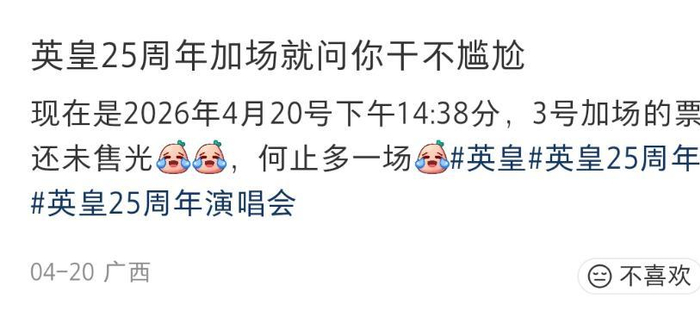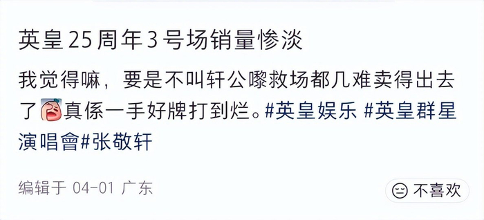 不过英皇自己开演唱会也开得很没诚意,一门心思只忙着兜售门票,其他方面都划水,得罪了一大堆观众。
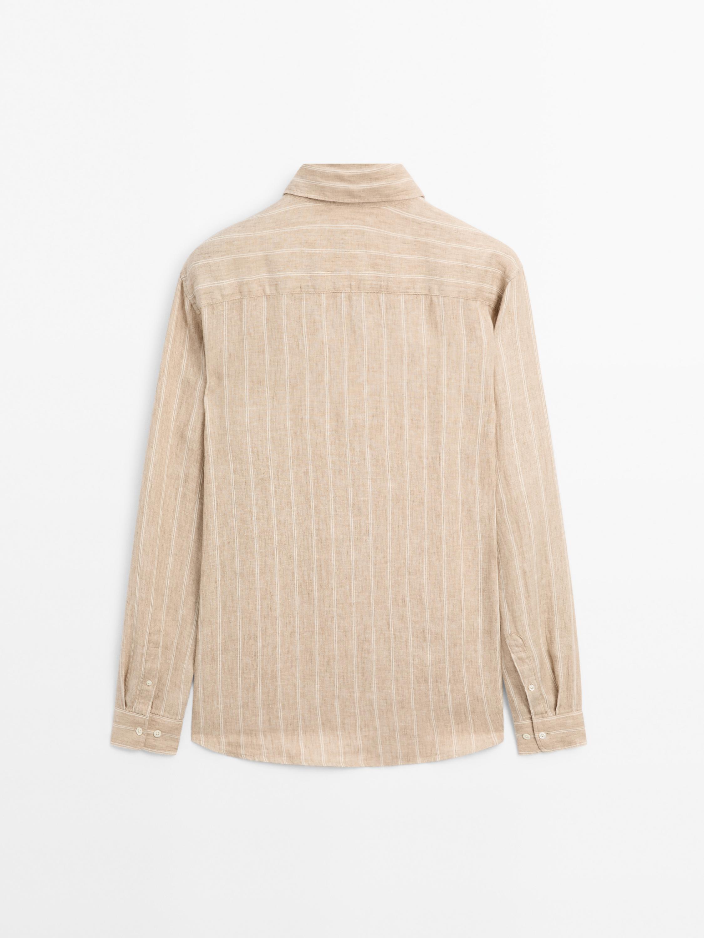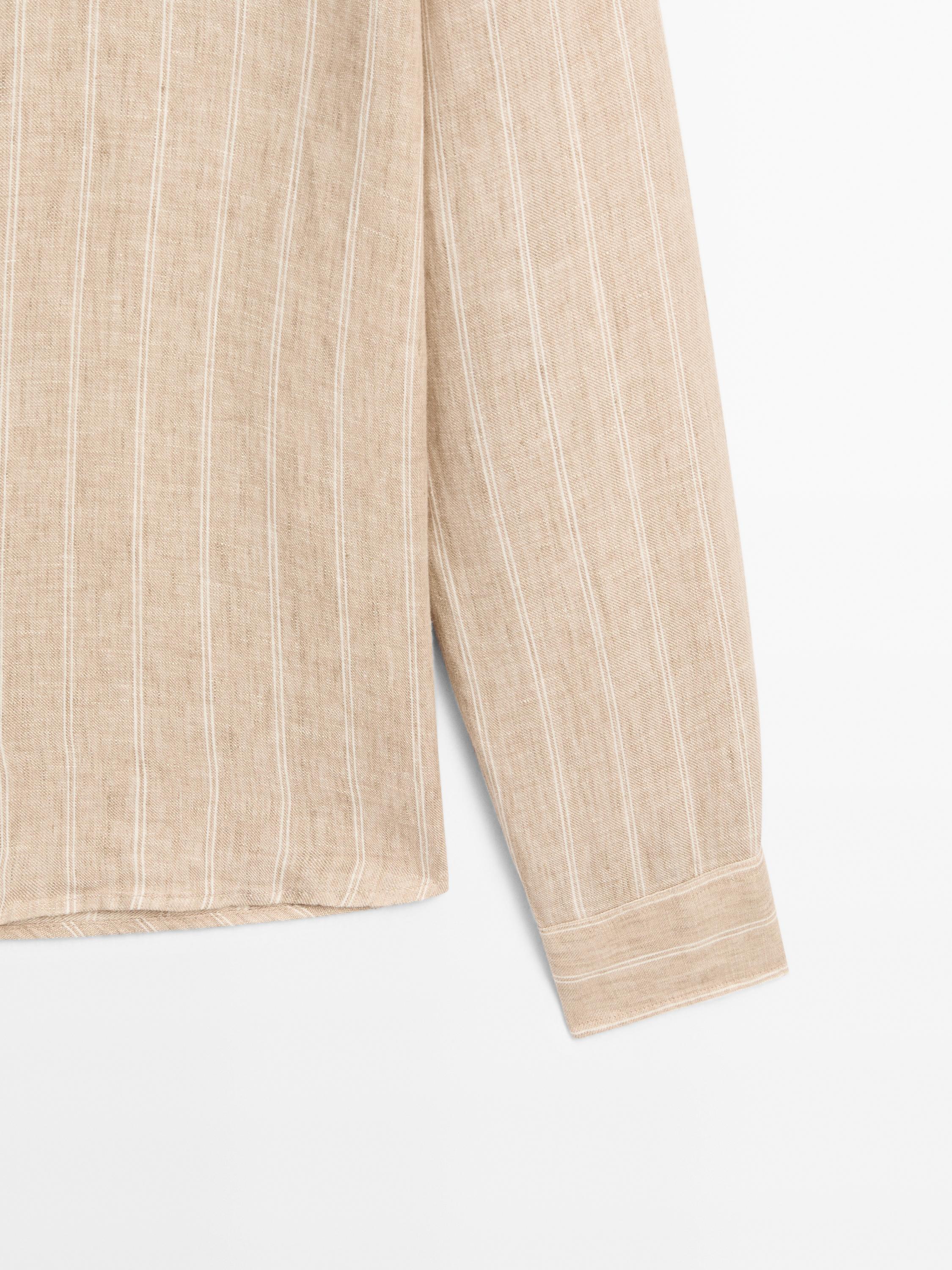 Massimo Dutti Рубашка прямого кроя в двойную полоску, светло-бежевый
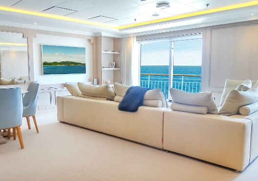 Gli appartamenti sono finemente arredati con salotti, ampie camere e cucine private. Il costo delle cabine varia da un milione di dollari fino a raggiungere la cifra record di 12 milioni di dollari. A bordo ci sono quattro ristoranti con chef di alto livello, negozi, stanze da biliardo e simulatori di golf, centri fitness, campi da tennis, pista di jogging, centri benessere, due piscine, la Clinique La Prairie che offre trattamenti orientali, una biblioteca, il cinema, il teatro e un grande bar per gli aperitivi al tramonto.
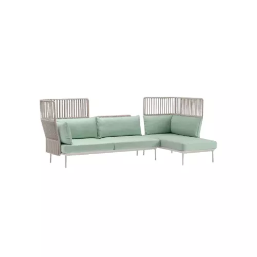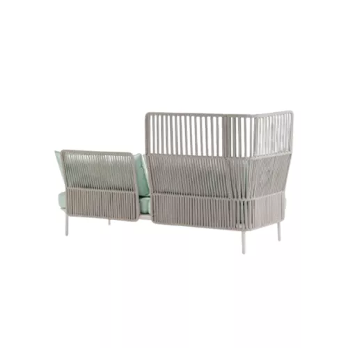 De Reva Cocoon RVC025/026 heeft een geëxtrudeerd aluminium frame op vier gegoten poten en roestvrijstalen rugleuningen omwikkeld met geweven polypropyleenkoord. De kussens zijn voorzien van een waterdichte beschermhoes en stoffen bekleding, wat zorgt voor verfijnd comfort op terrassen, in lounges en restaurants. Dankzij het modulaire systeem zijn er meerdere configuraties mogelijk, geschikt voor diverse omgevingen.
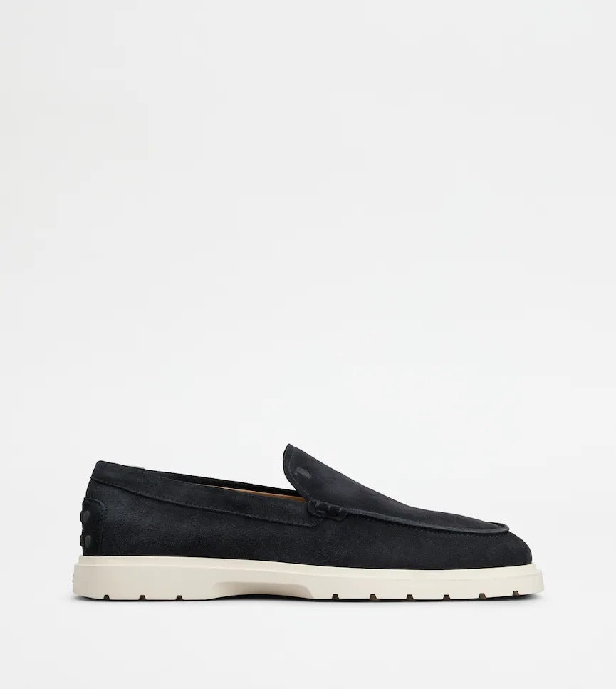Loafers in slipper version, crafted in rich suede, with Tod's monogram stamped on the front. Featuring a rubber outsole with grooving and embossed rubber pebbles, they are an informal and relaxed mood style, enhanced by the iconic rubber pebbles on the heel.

◇ ◇ ◇

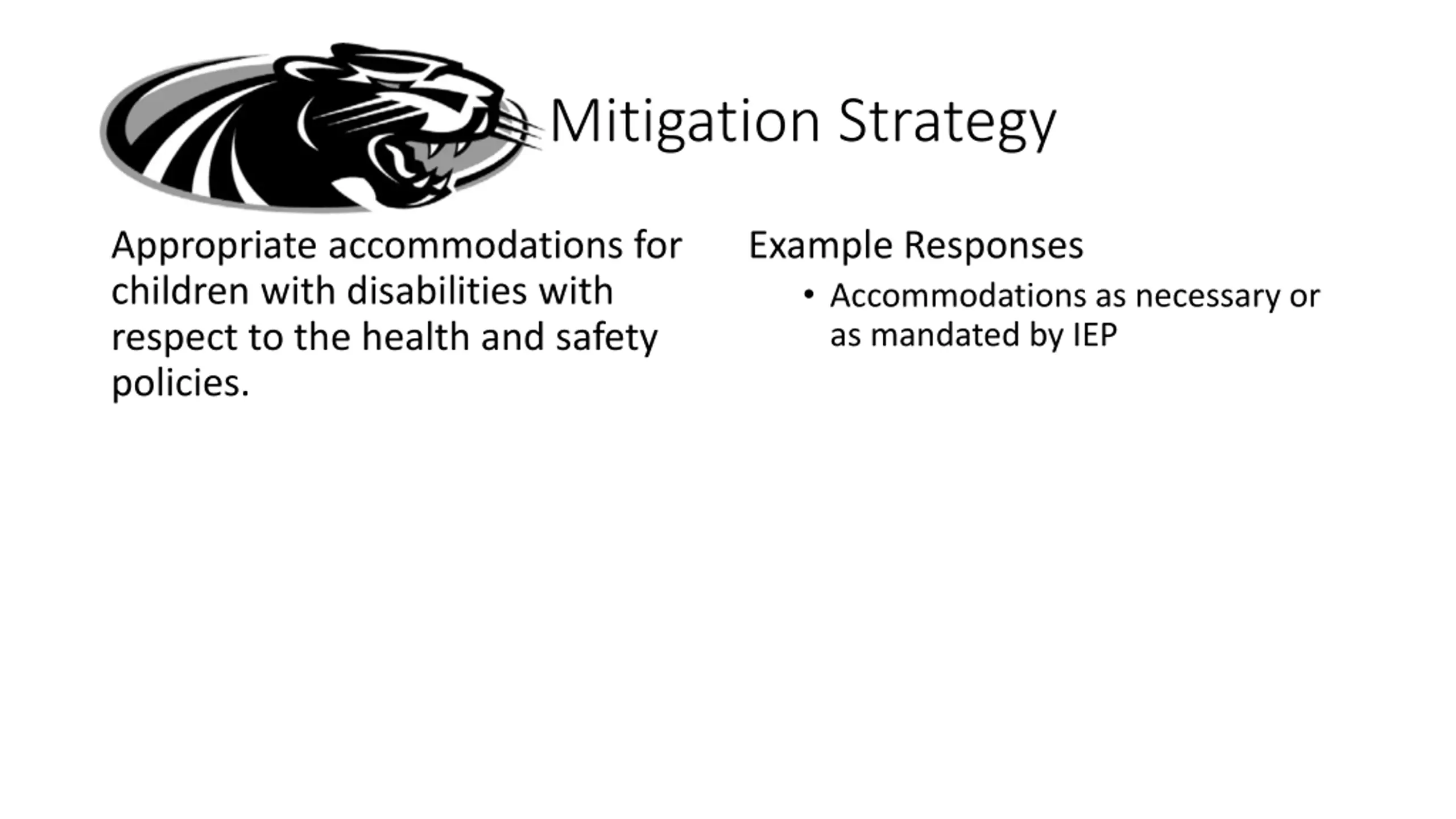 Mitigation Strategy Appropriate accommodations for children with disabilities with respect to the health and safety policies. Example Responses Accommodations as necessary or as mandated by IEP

◇ ◇ ◇

- [ACTIVITY]: Would you copy the lines above exactly, starting with the one that has "不过英皇自己开演唱会也开得很" and ending with the one that has "Gli appartamenti sono", both included, without the pictures?

- [TASK ANSWER]:
 不过英皇自己开演唱会也开得很没诚意,一门心思只忙着兜售门票,其他方面都划水,得罪了一大堆观众。
 Massimo Dutti Рубашка прямого кроя в двойную полоску, светло-бежевый
 Gli appartamenti sono finemente arredati con salotti, ampie camere e cucine private. Il costo delle cabine varia da un milione di dollari fino a raggiungere la cifra record di 12 milioni di dollari. A bordo ci sono quattro ristoranti con chef di alto livello, negozi, stanze da biliardo e simulatori di golf, centri fitness, campi da tennis, pista di jogging, centri benessere, due piscine, la Clinique La Prairie che offre trattamenti orientali, una biblioteca, il cinema, il teatro e un grande bar per gli aperitivi al tramonto.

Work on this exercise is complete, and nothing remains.